6. Read food labels carefully for sodium content. Processed foods supply about 75 percent of the sodium in the average American diet. Minimize your use of high-sodium products, such as luncheon meats, sausages, smoked meats and fish, hot dogs, canned shellfish, canned soups, frozen dinners, condiments, cheese and processed snack foods. As a rule of thumb, avoid foods with more than about 480 mg of sodium per serving.
7. Remember that sodium comes in many forms, not just salt. Baking soda, MSG, onion salt, soy sauce and some other flavorings are sources of sodium.
8. Consider salt alternatives. Salt alternatives -- such as Cardia and Morton's Lite Salt, which contain about half the sodium content of table salt -- are an option for some people.

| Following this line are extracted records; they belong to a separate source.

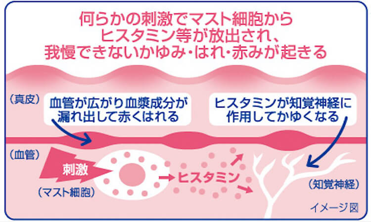 普段は白血球の一種であるマスト細胞に抱え込まれているヒスタミンが、何らかの刺激によって血液中に出てきてしまうとかゆみが発生。その部分の血管がはれるので皮膚が赤く見え、はれた血管のすき間から水分(血漿)が漏れ出して膨らむのではれが起きるのです。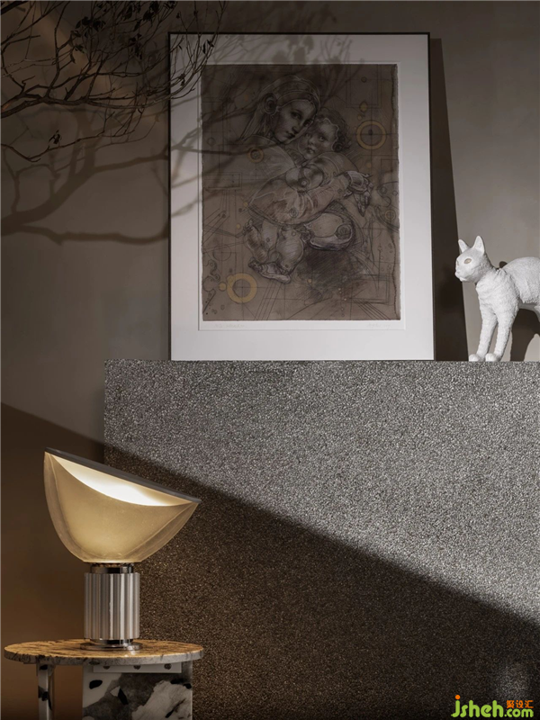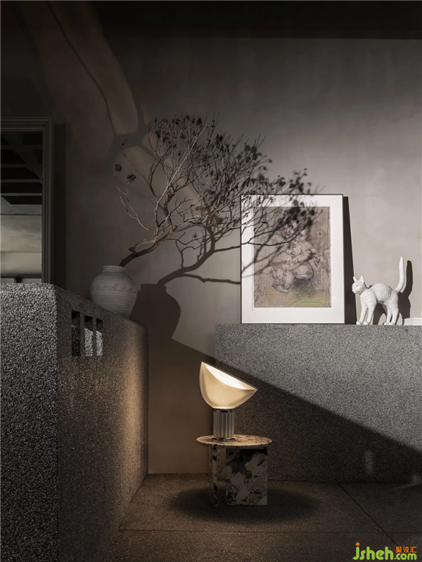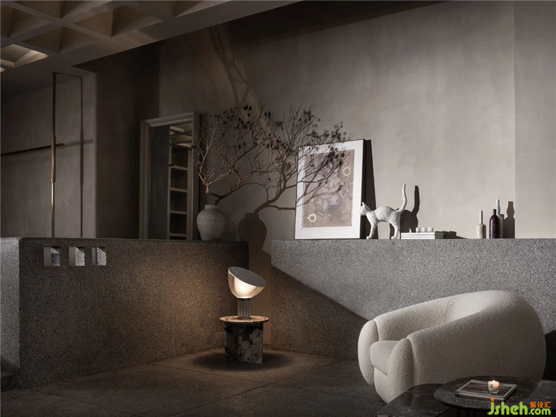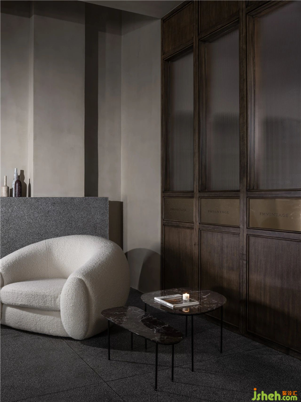 其次,展廳設(shè)計(jì)在軟裝的選擇上我們摒棄了統(tǒng)一風(fēng)格產(chǎn)品扎堆的處理方式。而是以一個(gè)買手的姿態(tài)去挑選適合的家具產(chǎn)品。從Franco的Tre pezzi扶手椅,到Jean Royere的大白熊,再到當(dāng)代傳奇設(shè)計(jì)師Philippe Starck的經(jīng)典三足椅。無一不是向經(jīng)典致敬。而flos的燈具與cc-tapis的地毯則是當(dāng)下產(chǎn)品設(shè)計(jì)中的典范。我們將其整合在一起,在這個(gè)既沖突又奇妙的空間里,趣味橫生。
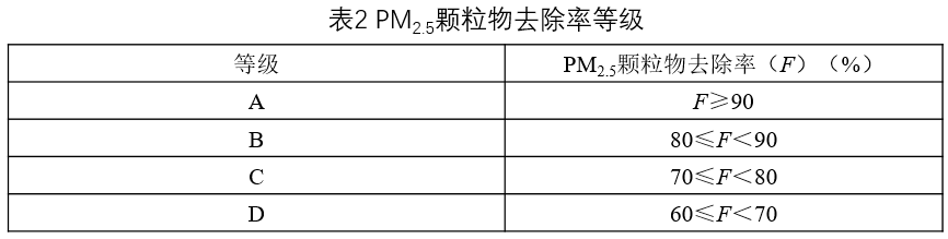 空氣凈化器在現(xiàn)場環(huán)境下的PM2.5顆粒物去除率應(yīng)符合表2的規(guī)定,應(yīng)至少達到表2規(guī)定的D級要求。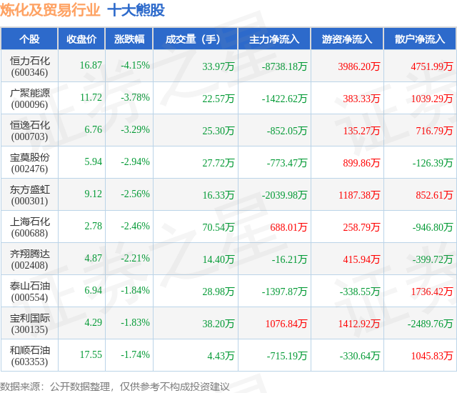 个股表现方面,炼化及贸易行业当日领跌股为恒力石化(600346),该股当日报收16.87,下跌4.15%,成交量33.97万,主力资金净流出8738.18万元。广聚能源(000096)以下跌3.78%紧随其后,该股当日成交量22.57万,主力资金净流出1422.62万元。除此之外,恒逸石化(000703)、宝莫股份(002476)、东方盛虹(000301)均进入当日熊股之列。具体个股列表见下表:

9. Look for reduced-sodium packaged foods. Sodium claims made on labels must meet certain standards: Low-sodium foods have 140 mg or less per serving; very low-sodium means 35 mg or less per serving; and sodium-free has 5 mg or less per serving.  
10. Minimize consumption of fast foods high in sodium and request that restaurant meals be prepared with less salt.
11. Aim for at least 4,700 mg of potassium a day. Eat more fruits, vegetables, milk, dairy products, legumes and grains. Bananas, kidney beans, lentils, asparagus, mushrooms, avocados, oranges, orange juice, yogurt, cantaloupe, watermelon, prunes and potatoes are just a few of the foods that are both high in potassium and low in sodium.